Doubtless most Mayfield residents were thinking likewise Friday night when a rare December tornado ripped apart most of the Graves County seat. Multiple deaths seem likely, according to officials.

Small tornadoes visited Mayfield when we lived there. They did some damage. The great ice storm of 2019 hit Mayfield hard; we lost power and several trees. But the photos and videos we are now seeing of Mayfield look like images from Berlin in 1945.

Evidently the storm spared our old neighborhood in south Mayfield. But apparently almost everything north of Broadway, the main street, is gone. So are other parts of the town.

The 1880s-vintage red brick Graves County courthouse was heavily damaged; the historic cupola and clock have disappeared. So has most of the second floor. Destruction around the court square and its environs is massive. 

On the Sunday night before the tornado, First Christian, First Methodist and First Presbyterian held a joint “Advent Walk” in which the congregations traveled from church to church in a special service. 

The Christian and Methodist churches are wrecked; First Presbyterian, the church of my youth, was virtually destroyed.  It is uncertain when, or where, the three congregations will meet again. 

“Mayfield More than a Memory” says a mural on the side of a downtown building that still stands. Memories are all many in Mayfield, population 10,000, have left.

I remember the big Resurrection window in the Presbyterian church. On Easter Sunday, the whole congregation would turn around, face the magnificent panes of lead-bound stained glass and sing “Jesus Christ is Risen Today.”

I was christened in the church. So was our son, Berry IV, my mother and two uncles.

Stained glass memorial windows decorated the back and both sides of the sanctuary. When we were kids, my brother, Tim, and I wondered about the names on them.

“Jno” looked like the first name of a guy named Stark. We’d never heard of anybody named “Jno,” not knowing it was short for “Jonathan.”

A window on the west side memorialized James W. Hocker. We thought that was an unusual last name.

In 1978, I married his great-niece, Melinda Anne Hocker, in whose late 19th-century family homeplace we live.

Melinda was reared Southern Baptist in Arlington but returned to her Presbyterian roots in Mayfield. She joined First Presbyterian and remains an active member.

My parents, Sue Vest and Berry Craig Jr., were married in the church on Sept. 20, 1947. We treasure photos of them walking down the front steps as brand-new husband-and-wife.

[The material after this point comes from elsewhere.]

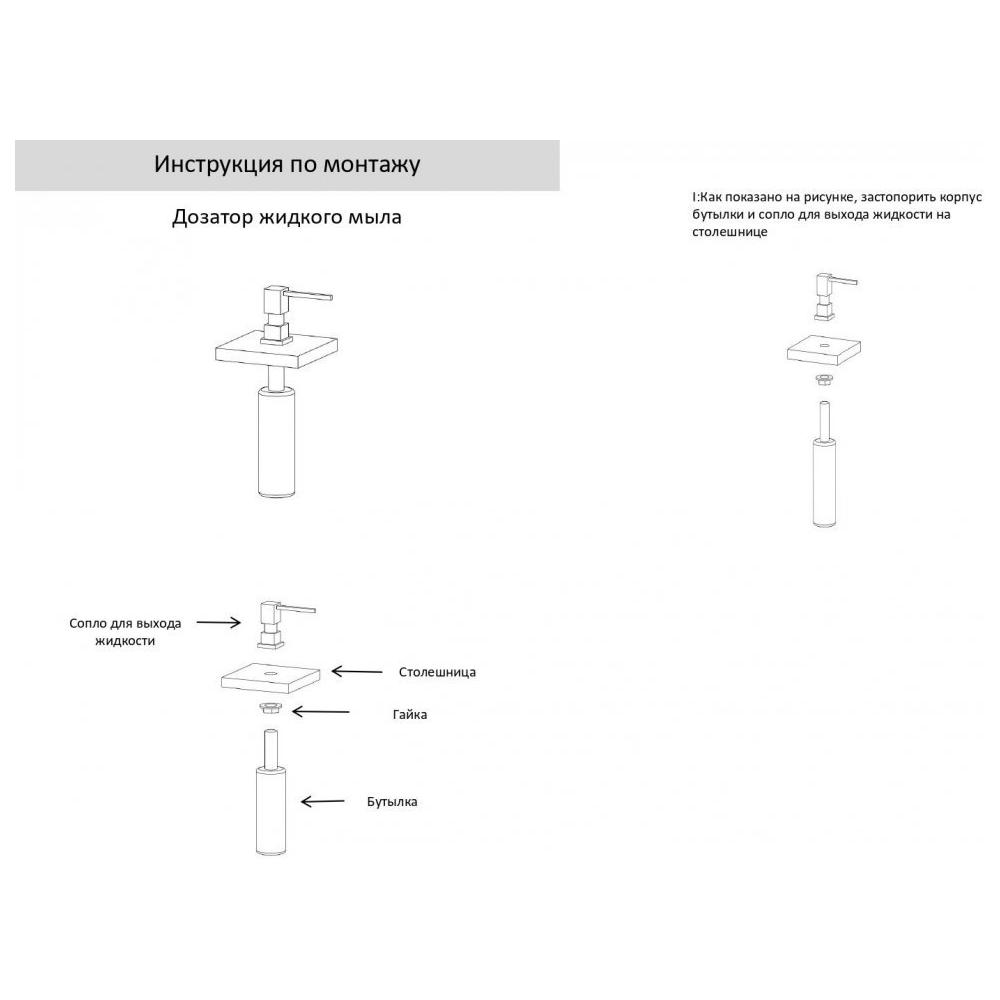 Комплектация емкость 500 мл, помпа поворотная, монтажная гайка

We had their funerals in the church. We carried the caskets down the same steps.

“After the tornado the town of Bardwell recovered rapidly and completely,” Graves also wrote in his Carlisle County history book. I suspect “rapidly” and “completely” meant relatively.

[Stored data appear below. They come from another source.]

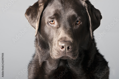 © JPRFphotos, Fototapeta premium Handsome Chocolate Labrador against Grey Background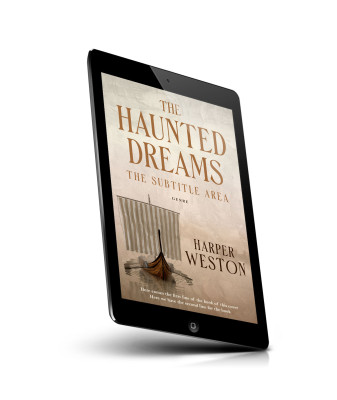 “A book cover for "The Haunted Dreams" features a ship illustration and an author's name, Harper Weston.”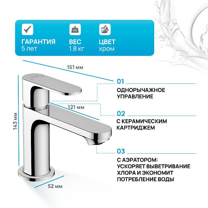 Смеситель для раковины hansgrohe Rebris S 80 со сливным гарнитуром 72510000 хром 72510000/HG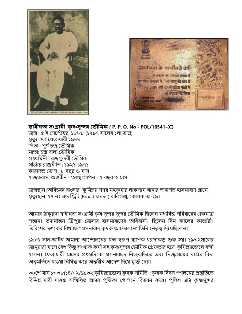 Freedom Fighter Krishnasundar Bhowmik (PPO No. POL/16541-C)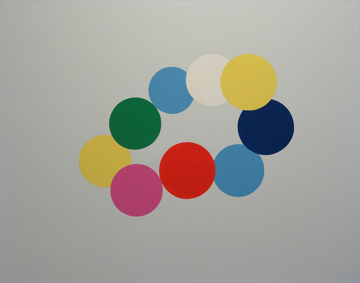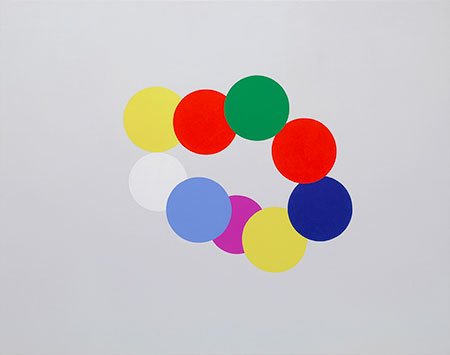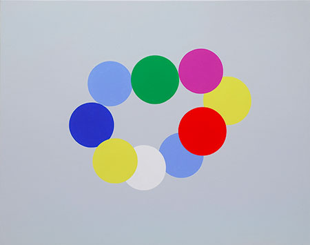 The Circle of Color (2008) series is based on the eight basic colors red, yellow, green, cyan, blue, magenta, as well as (neutral) black and white. In an additive and subtractive color system white and black respectively emerge at the point of intersection of these colors. In line with the diagram-form portrayal of these systems individual circles are superimposed on each other in his works, all of which, in turn, are configured in a circle. Their colors, however, are opaque. Even though the individual shapes are not structurally modeled, as opposed to scientific portrayals of color circle systems they are presented in a spatial depth perspective, similar to a molecular structure. This appearance, however, is deceptive, as the superimposition of the individual circles in the depth of the picture does not correspond with their position in perspective. Also, on closer observation, the color of the circles does not correspond exactly with the basic colors. In Vogel’s color system some hues are even used several times. As such, attempts by the observer to detect a logical structure to the colors and geometric shapes fail. This is not a scientific analysis, actual images are being created here. Yet again in his works Matten Vogel hinders clear legibility and makes the controlled strategy of negation the focus of his artistic output.

"Most of the people collected their insurance and rebuilt,” he added. Mayfield is in for months of rebuilding. 

Insurance pays only for the loss of a structure and its contents. It cannot replace the loss of the irreplaceable.

“We have a wonderful collection of archived materials from our church’s history,” says First Methodist’s homepage. “The Archives can be found in room #105. There are also two printed histories of the church that can be perused.”

It’s unclear how much of that survived.

Uncertain, too, is the fate of First Presbyterian's framed “roll of honor” that lists all the church members who went off to World War II, including my two uncles. Somewhere in the sanctuary debris is the old wooden baptismal font and communion table. 

"We have suffered a major loss in this disaster; there is so much damage to our facilities," the Rev. Joey Reed of First Methodist posted on the church's webpage. He and his wife, Laurinda, were in the church when the tornado hit but are safe.

The congregation, he added, has lost a building, but "WE are the church. You. Your family. Your friends and your neighbors who call Mayfield First 'home.'"

Doubtless the sentiment is the same at the other churches and all across my hometown. Mayfield has lost many buildings. But the town is the family, friends and neighbors who call Mayfield "home."